The Perforce Filespec Syntax
Perforce is widely used partly because it is so portable, and part of that portability comes from the platform-independent file syntax it provides. While native platform syntax can be used to refer to workspace files, Perforce provides its own uniform syntax for referring to workspace and depot contents. This syntax is known as a file specifier, or “filespec.” A filespec can refer to a single file or a collection of files, to a specific revision or a range of revisions, and to depot files or workspace files. More importantly, the filespec syntax applies to all operating systems; Perforce converts filespecs to native file references for local operations.
The depot hierarchy
Depots, where Perforce keeps master file content, and workspaces, where users work on files, are hierarchical structures of directories and files. A filespec uses "//" to indicate the root of the hierarchy, and "/" as a directory path and file name separator. For example:
//depot/projectA/doc/index.html
Although we often refer to an entire repository as “the depot”, there can be multiple depots in a Perforce repository. The filespec root identifies the name of the depot. The filespec //depot/projectA/doc/index.html refers to a depot named “depot” (Figure 1-1.)

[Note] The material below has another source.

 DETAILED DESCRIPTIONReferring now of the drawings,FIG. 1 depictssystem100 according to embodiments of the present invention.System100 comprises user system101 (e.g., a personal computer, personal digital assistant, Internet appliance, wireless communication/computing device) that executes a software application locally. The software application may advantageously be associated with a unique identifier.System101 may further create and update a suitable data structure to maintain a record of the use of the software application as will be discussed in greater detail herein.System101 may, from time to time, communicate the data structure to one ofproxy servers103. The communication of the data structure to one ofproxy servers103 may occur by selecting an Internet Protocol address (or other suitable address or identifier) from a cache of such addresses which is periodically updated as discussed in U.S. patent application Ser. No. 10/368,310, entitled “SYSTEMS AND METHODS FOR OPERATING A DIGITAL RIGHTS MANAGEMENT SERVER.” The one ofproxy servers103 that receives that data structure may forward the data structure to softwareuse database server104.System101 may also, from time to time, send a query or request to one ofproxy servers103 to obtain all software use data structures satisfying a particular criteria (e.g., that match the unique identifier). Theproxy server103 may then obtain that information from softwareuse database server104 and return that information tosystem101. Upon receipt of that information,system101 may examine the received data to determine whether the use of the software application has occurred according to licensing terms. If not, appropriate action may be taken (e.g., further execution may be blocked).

A filespec can express a relative path as well as an absolute path. An unrooted filespec is a relative reference to the current directory (if you’re using a command shell) or the current folder (if you’re using a GUI). Depending on the context, doc/index.html or even just index.html could indicate the same file. In the chapter 2 section "Local Syntax, Wildcard Expansion, and Special Characters" you’ll find out how to use relative references to files and directories.

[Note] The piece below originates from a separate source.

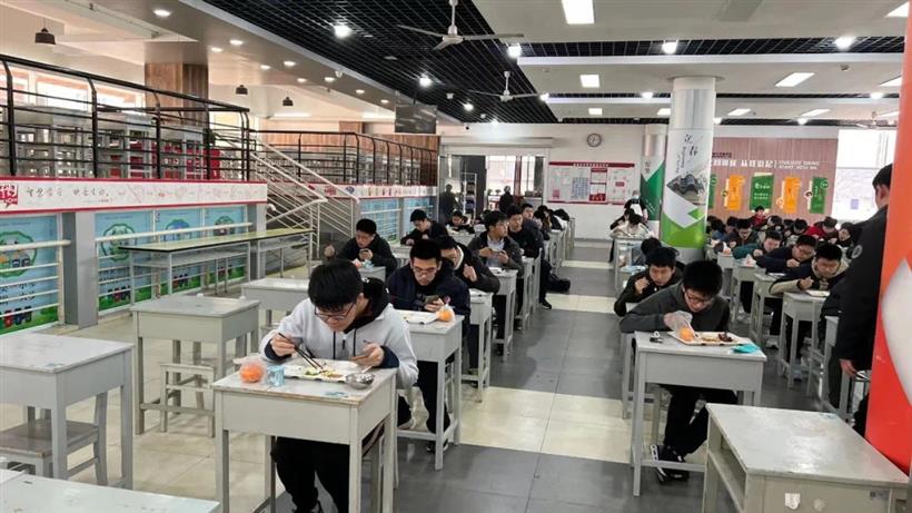 操场上,返校师生进行常态化核酸检测。中午,师生食堂就餐安全有序。

Wildcards and file collections
When filespecs contain wildcards , they define entire collections of files instead of single files. For example, the "*" wildcard matches characters in filenames at a directory level. Depending on what files are actually present, a filespec like projectA/d*/*.html, for example, can define a collection of files like:
projectA/dev/index.html projectA/doc/diagnostics.html projectA/doc/index.html
The "..." wildcard (pronounced “dot-dot-dot”) matches filename characters at or below a directory level. A filespec that ends in /..., in other words, is a succinct reference to the complete collection of files in a directory hierarchy. For example, projectA/... refers to the files in the projectA directory. Depending on what’s in the directory, the filespec projectA/... might represent the following files:
projectA/bin/win32/app.exe projectA/bin/win32/app.dll projectA/dev/index.html projectA/dev/main.cpp projectA/doc/app/index.html projectA/doc/app/reference.html projectA/doc/diagnostics.html projectA/doc/index.html
Views and mappings
A filespec is a special case of the Perforce construct called a view. The Perforce database stores views for a variety of uses, including access permissions, labels, branching, triggers, and change reviews. The scope of every Perforce operation is constrained by the views that affect it.
Some of the views involved—filespec views, or workspace views, for example—are evident to users. Some views, however, like those that define access permissions, are not. For example, consider the P4 command that shows the history of changes to HTML files in the //depot path:
p4 changes //depot/.../*.html
Change 1386 on 2005/06/10 ... 'New page for promo...'
Change 1375 on 2005/06/05 ... 'Fix links on sign-up...'
Change 1369 on 2005/05/29 ... 'Add press releases...'
This command is affected by two views. The first is the filespec you see on the command line. The second is a view you don’t see: the set of depot files you have permission to access. If, for instance, the access permission view is:
//depot/projectA/... //depot/projectB/...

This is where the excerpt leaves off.